Девчонке в жаркий летний день
Мечтать о миленьком не лень.

 
   Эмма, с распущенными волосами, уставив в одну точку расширенные зрачки, приподнялась, точно гальванизированный труп.

 
За жницей только поспевай!
Нанетта по полю шагает
И, наклоняясь то и знай,
С земли колосья подбирает»

 
   — Слепой! — крикнула Эмма и вдруг залилась ужасным, безумным, исступленным смехом — ей привиделось безобразное лицо нищего, пугалом вставшего перед нею в вечном мраке.

 
Вдруг ветер налетел на дол
И мигом ей задрал подол.

 
   Судорога отбросила Эмму на подушки. Все обступили ее. Она скончалась.


9


   Когда кто-нибудь умирает, настает всеобщее оцепенение — до того трудно бывает осмыслить вторжение небытия, заставить себя поверить в него. Но как только Шарль убедился, что Эмма неподвижна, он бросился к ней с криком:
   — Прощай! Прощай!
   Оме и Каниве вывели его из комнаты.
   — Успокойтесь!
   — Хорошо, — говорил он, вырываясь. — Я буду благоразумен, я ничего с собой не сделаю. Только пустите меня! Я хочу к ней! Ведь это моя жена!
   Он плакал.
   — Поплачьте, — разрешил фармацевт, — этого требует сама природа, вам станет легче!
   Шарль, слабый, как ребенок, дал себя увести вниз в столовую; вскоре после этого г-н Оме пошел домой.
   На площади к нему пристал слепец: уверовав в противовоспалительную мазь, он притащился в Ионвиль и теперь спрашивал каждого встречного, где живет аптекарь.
   — Да, как же! Есть у меня время с тобой возиться! Ну да уж ладно, приходи попоздней, — сказал г-н Оме и вбежал в аптеку.
   Ему предстояло написать два письма, приготовить успокоительную микстуру для Бовари, что-нибудь придумать, чтобы скрыть самоубийство, сделать из этой лжи статью для Светоча и дать отчет о случившемся своим согражданам, которые ждали, что он сделает им сообщение. Только когда ионвильцы, все до единого, выслушали его рассказ о том, как г-жа Бовари, приготовляя ванильный крем, спутала мышьяк с сахаром, Оме опять побежал к Шарлю.
   Тот сидел в кресле у окна (г-н Каниве недавно уехал), бессмысленно глядя в пол.
   — Вам надо бы самому назначить час церемонии, — сказал фармацевт.
   — Что такое? Какая церемония? — переспросил Шарль и залепетал испуганно: — Нет, нет, пожалуйста, не надо!
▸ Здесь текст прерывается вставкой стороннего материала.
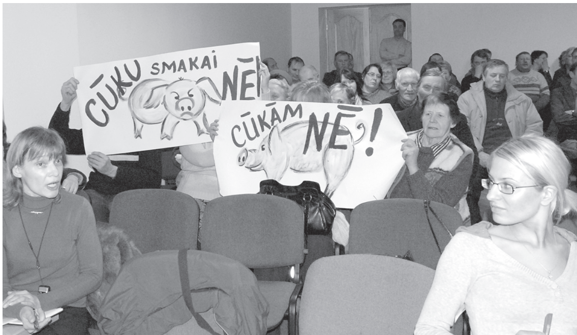
Cūkkūts kompleksa pretinieki bija ne tikai sagatavojuši savu prezentāciju un trīslitru burku piepildījuši ar cūku mēsliem, ko rotāja uzraksts „Šanel Pig54 000 Nasing spešel”, bet arī sarūpējuši plakātus, kas skaidri liecināja par viņu attieksmi pret šo ieceri.

Kūtsmēslu iestrāde augsnē notiks pēc iespējas īsā laikā. Lai neizplāfītos smaka, cūku novietnes plānots izbūvēt, ievērojot jaunākās tehnoloģijas un izmantojot mūsdienīgu ventilācijas sistēmu. Mēslus apsaimniekos un uzglabās slēgtā sistēmā, kas ierobežos nevēlamo smaku noplūdi. Mēslu krātuves pamatne un sānu daļas tiks pārklātas ar necaurīdīgu, pret agresīvu vidi noturīgu ģeomembrānu. Lielākais smaku izplatīšanās risks var būt tad, kad kūtsmēsli izved uz lauka.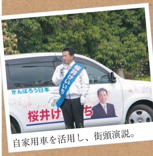
自家用車を活用し、街頭演説。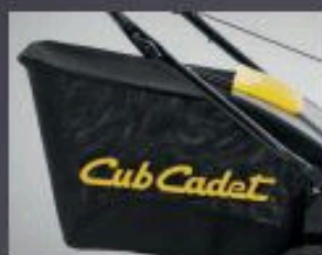
GRAND BAC DE RAMASSAGE

Она должна быть со мной.
   Оме, чтобы замять неловкость, взял с этажерки графин и начал поливать герань.
   — Очень вам благодарен! Вы так добры… — начал было Шарль, но под наплывом воспоминаний, вызванных этим жестом фармацевта, сейчас же умолк.
   Чтобы он хоть немного отвлекся от своих мыслей, Оме счел за благо поговорить о садоводстве, о том, что растения нуждаются во влаге. Шарль в знак согласия кивнул головой.
   — А теперь скоро опять настанут теплые дни.
   — Да, да! — подтвердил Шарль.
   Не зная, о чем говорить дальше, аптекарь слегка раздвинул оконные занавески.
   — А вон Тюваш идет.
   — Тюваш идет, — как эхо, повторил за ним Шарль.
   Оме так и не решился напомнить ему о похоронах. Его уговорил священник.
   Шарль заперся у себя в кабинете, вволю наплакался, потом взял перо и написал:
   «Я хочу, чтобы ее похоронили в подвенечном платье, в белых туфлях, в венке. Волосы распустите ей по плечам. Гробов должно быть три: один — дубовый, другой — красного дерева, третий — металлический. Со мной ни о чем не говорите. У меня достанет сил перенести все. Сверху накройте ее большим куском зеленого бархата. Это мое желание. Сделайте, пожалуйста, так».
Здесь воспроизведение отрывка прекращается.